Agents in Covasim are contained in an object called People
, which contains all of the agents' properties, as well as methods for changing them from one state to another (e.g., from susceptible to infected).
Agents interact with each other via one or more contact layers. You can think of each agent as a node in a mathematical graph, and each connection as an edge. By default, Covasim creates a single random contact network where each agent is connected to 20 other agents, completely at random. However, this is not a very realistic representation of households, workplaces, schools, etc.
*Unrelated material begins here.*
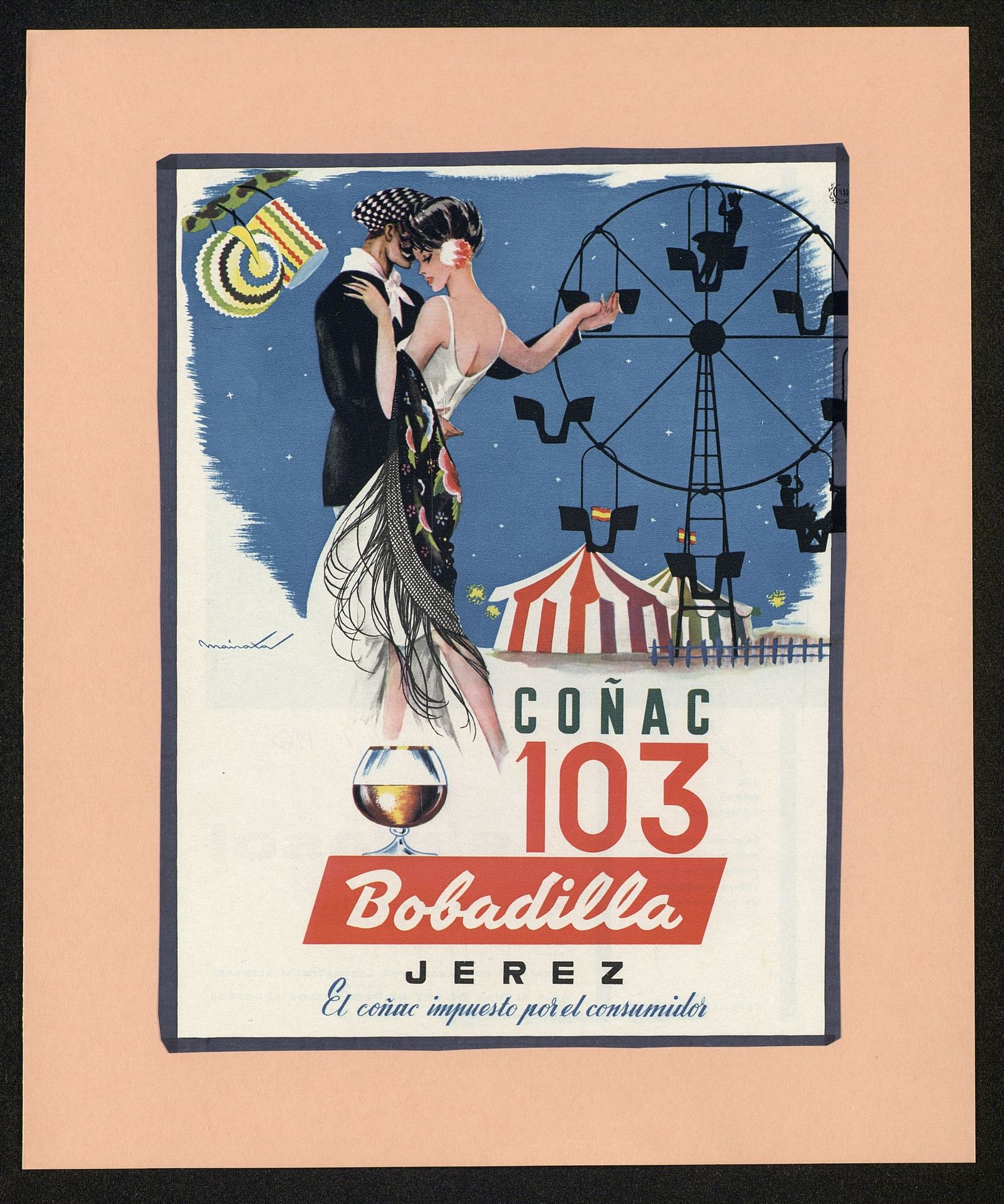 El coñac impuesto por el consumidor. Coñac 103 Bobadilla. Dibujo de la feria y pareja bailando

For greater realism, Covasim also comes with a "hybrid" population option, which provides a more realism while still being fast to generate. (It's called "hybrid" because it's a combination of the random network and the SynthPops network, described in Tutorial 11, which is much more realistic but requires a lot of data and is computationally intensive.) The hybrid option provides four contact layers: households 'h'
, schools 's'
, workplaces 'w'
, and community interactions 'c'
. Each layer is defined by (a) which agents are connected to which other agents, and (b) the weight of each connection (i.e., transmission probability). Specifically:
Note that for most countries, you can load default data (age distribution and household size, both from the UN) by using the location
keyword when creating a sim. For example, to create a realistic (i.e. hybrid) population 10,000 people for Bangladesh and plot the results, you would do:
pars = dict(
pop_size = 10_000, # Alternate way of writing 10000
pop_type = 'hybrid',
location = 'Bangladesh', # Case insensitive
)
sim = cv.Sim(pars)
sim.initialize() # Create people
fig = sim.people.plot() # Show statistics of the people
Note: For an explanation of population size, total population, and dynamic rescaling, please see the FAQ.
Since creating populations can be slow, and since deleting people is a bit mean, sometimes you want to save the population to work with it later. To do this, initialize the people, save them, then load them again. (This example also illustrates how you can use sc.timer()
to check how long a block of code takes.)
import sciris as sc # We'll use this to time how long each one takes
pars = dict(n_agents=50e3, pop_type='hybrid')
with sc.timer('creating'):
sim1 = cv.Sim(pars).init_people()
sim1.people.save('my-people.ppl')
with sc.timer('loading'):
sim2 = cv.Sim(pars, popfile='my-people.ppl').init_people()
It's about twice as fast to load a population than create one, but whether this will actually matter to you depends on the population size and the length of the simulation.